Discussion and conclusions
In this study, we constructed six wheat transcriptome assemblies using different assemblers and merging strategies on 16.2 Gb PE data. We divided the assembly processes into the following four steps: pre-assembly, merging samples, removal of redundancy, and scaffolding. We recorded the effects of each step in detail. The yielded six assemblies had promising N50 (Table 3), continuity (Table 5), and accuracy (Table 6).
Performance comparisons between Trinity and Trans-ABySS
Trinity, which uses the single k-mer method, outperformed Trans-ABySS in assembly continuity. The average N50 of the three Trinity assemblies was 16.7% longer than that of Trans-ABySS (Table 3). All three Trinity assemblies covered more bases of full-length cDNA than their counterpart Trans-ABySS assemblies (Table 5). After the same procedures, Trans-ABySS assemblies, which were produced by the multiple k-mer method, were less redundant (Table 4) and covered a greater proportion of existing Sanger-derived ESTs (Tables 6, 7), representing a good spectrum of expression levels.
Pairwise comparisons of these six assemblies suggested that assemblies produced by the same assembler were more similar to each other. There was a tradeoff between specificity and sensitivity based on the choice of k-mer size. Assemblies with larger k-mers had fewer spurious overlaps but lower coverage. Low-expression genes were assembled more effectively with small k-mer sizes, leading to the assembly of numerous and highly fragmented transcripts, whereas high-expression genes were assembled more effectively with large k-mer sizes, emphasizing contiguity [12,14]. For Trinity, we used the default k-mer size of 25, while Trans-ABySS used every odd number starting from 45 to 87. To test whether the different k-mer sets used by Trinity and Trans-ABySS caused the low level of overlapping regions, we reassembled an assembly with all four samples together using a single k-mer size of 25, as implemented by ABySS version 1.2.5 [21], named ABySS_AFSFASSS_k25. When ABySS_AFSFASSS_k25 was compared with Trinity_AFSFASSS, 40.9% of Trinity_AFSFASSS bases were covered, which was lower than the 56.0% of bases covered by Trans-ABySS_AFSFASSS (Figure 4, Additional file 3: Table S2). This suggested that when using the same k-mer size of 25, ABySS and Trinity still had a large proportion of unique bases. For the initial assemblies, Trans-ABySS produced assemblies that had more contigs that were much larger than those of Trinity (Table 2). For this dataset (mean reads length of about 75 bp), both Trinity and Trans-ABySS had good performance, and the majority of reads were able to map to the six final assemblies, particularly for the Trans-ABySS_AFSFASSS (Table 4).
Merging assemblies of individual samples
RNA-Seq analyses often deal with multiple samples.
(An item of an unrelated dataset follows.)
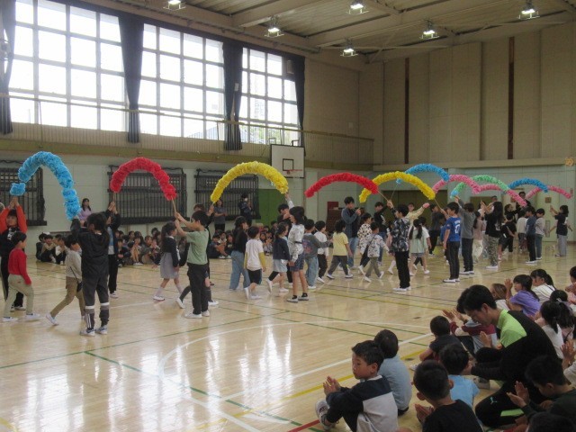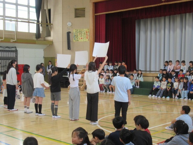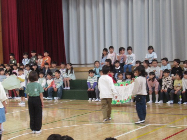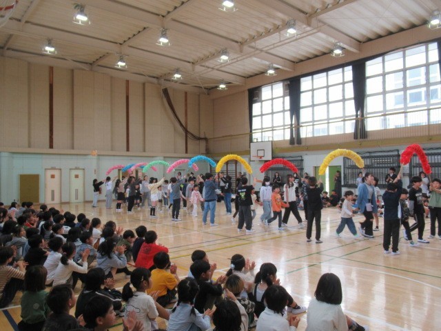 今日は1年生を迎える会がありました。今年度、全校児童が集まるのは初めてのことです。会が始まるとプレゼントがあったり、出し物があったりと楽しい時間になりました。参加している上級生全員の「一年生ようこそ!」という気持ちが感じられ1年生も安心したことでしょう。

In this study, we compared the performances of different assemblers and merging strategies. The greatest concern for assembling all samples at the initial step is the loss of sample-specific transcripts. With the exception of Trinity_AFSFASSS, the other five assemblies, including Trans-ABySS_AFSFASSS, had equal proportions of the four samples, suggesting that using reads from all samples together may not always introduce bias from over- or under-represented samples.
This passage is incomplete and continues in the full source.